BEGIN DATASET
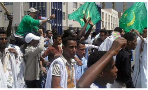
Youth protest in Nouakchott

As noted in The Economist in 2008, "[w]hile the rest of Africa seems to be slowly ridding itself of its penchant for coups, Mauritania seems to be perfecting its ability to stage them." <sup>410</sup> Mauritania has had two military coups since August 2005 and five altogether since independence. The 2008 coup, in which a democratically elected civilian president was removed from power after trying to fire several senior military officers, triggered an onslaught of protest and sanctions from all corners of the world. The rapidly called 2009 presidential election, won
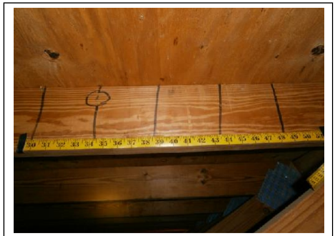
ROOF DECK ATTACHMENT – 8d nails within 6 inches in the field

The Villas I at Heritage Cove Association, Inc. 14120, 14126, 14132, 14138, 14144 & 14150 Brenton Reef Way, Fort Myers, FL 33919 07-05-2017
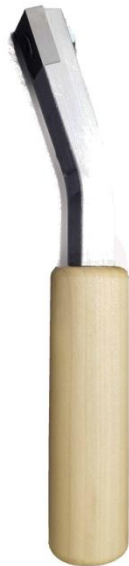
3/4" Hand Scraper
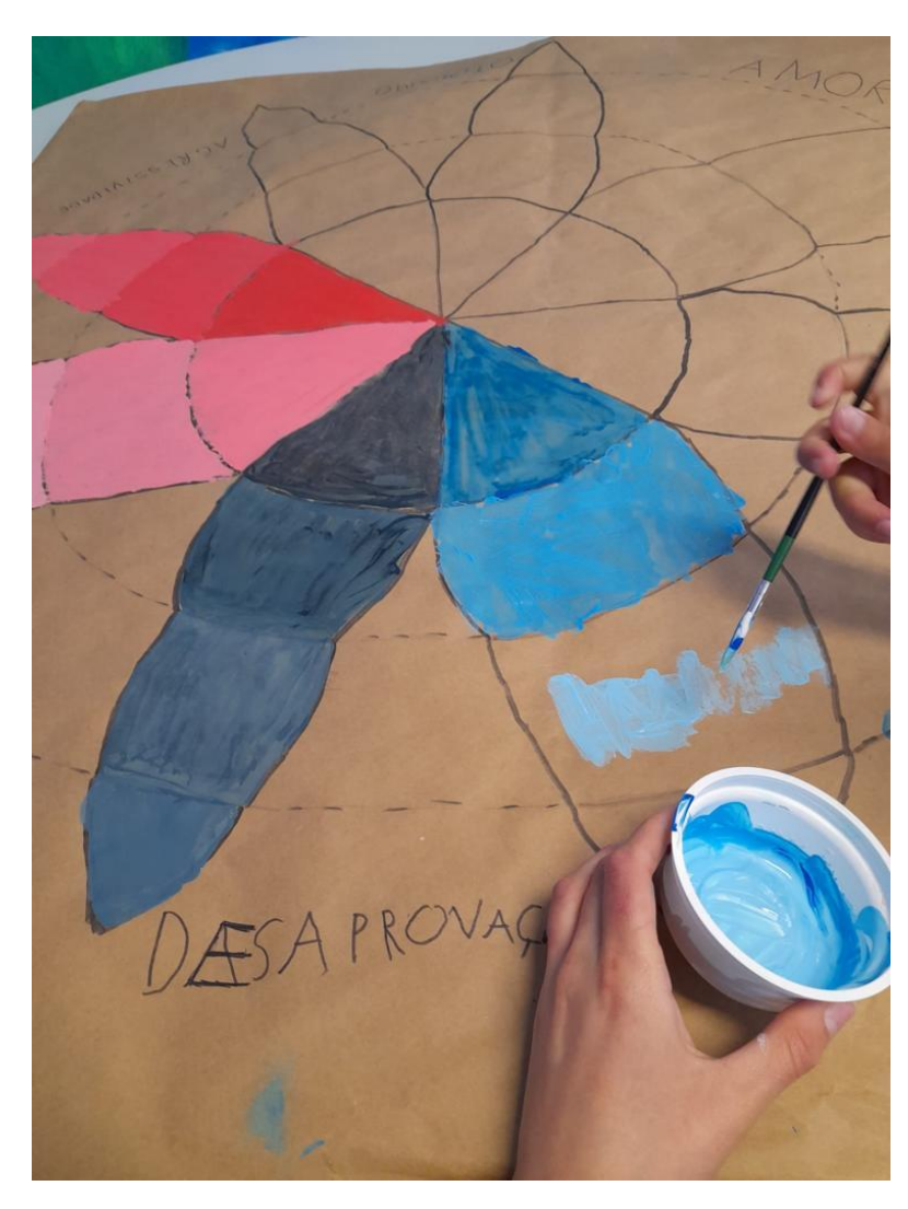
"Tree of Emotions"
END DATASET
A verbatim transcript of the entries above is required, with the pictures left out.

Youth protest in Nouakchott

As noted in The Economist in 2008, "[w]hile the rest of Africa seems to be slowly ridding itself of its penchant for coups, Mauritania seems to be perfecting its ability to stage them." <sup>410</sup> Mauritania has had two military coups since August 2005 and five altogether since independence. The 2008 coup, in which a democratically elected civilian president was removed from power after trying to fire several senior military officers, triggered an onslaught of protest and sanctions from all corners of the world. The rapidly called 2009 presidential election, won
ROOF DECK ATTACHMENT – 8d nails within 6 inches in the field

The Villas I at Heritage Cove Association, Inc. 14120, 14126, 14132, 14138, 14144 & 14150 Brenton Reef Way, Fort Myers, FL 33919 07-05-2017
3/4" Hand Scraper
"Tree of Emotions"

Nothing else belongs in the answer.